3D printing cells, also known as “bioprinting” has the potential to revolutionize the way pharmaceuticals are tested before they are brought to market.
A research team at the University of British Columbia is working overtime to turn what was once thought to be science fiction into reality. The team is comprised of head researcher Konrad Walus, research biologist Sam Wadsworth, master’s student Tamer Mohamed, and doctoral student Simon Beyer. They claim to have developed a new method of 3D printing, which incorporates living human cells into synthetic material, allowing the cells to continue to grow and form a connective network.
While bioprinting it isn’t a new development, doctoral student Simon Beyer says their new method of bioprinting sets them apart. Their 3D printer has the ability to mimic the structure and behavior of human tissue by combining many different types of cells in geometrically intricate ways.
Currently, pre-clinical drug testing generally involves using animals, or testing the drugs on cell cultures in a dish. Both of these methods, however, are not entirely accurate indicators of how a drug will perform on a human; drugs often react differently to human cells. “As a result, around 90 percent of drugs fail once they reach [human] clinical trials,” says Beyer.
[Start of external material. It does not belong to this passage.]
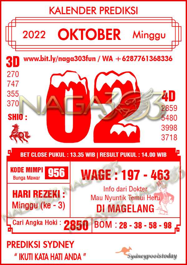 Prediksi Sydney Pools Minggu 02 Oktober 2022 | Web Toto Naga303

According to Beyer, the new method could reduce or possibly eliminate the need for animal testing in drug research. “In the near term, it could dramatically reduce the cost of drug discovery research…. It could also diminish and eventually even remove the need for animal testing in drug research,” says Beyer.
On a larger scale, and in the long-term future, bioprinting could one day be used to create organ tissue for transplants, and implantable tissues for skin grafts and artery repair, but that could still be decades away. For now, however, the team is focusing its research on what quite possibly may change the way that drugs are tested, forever.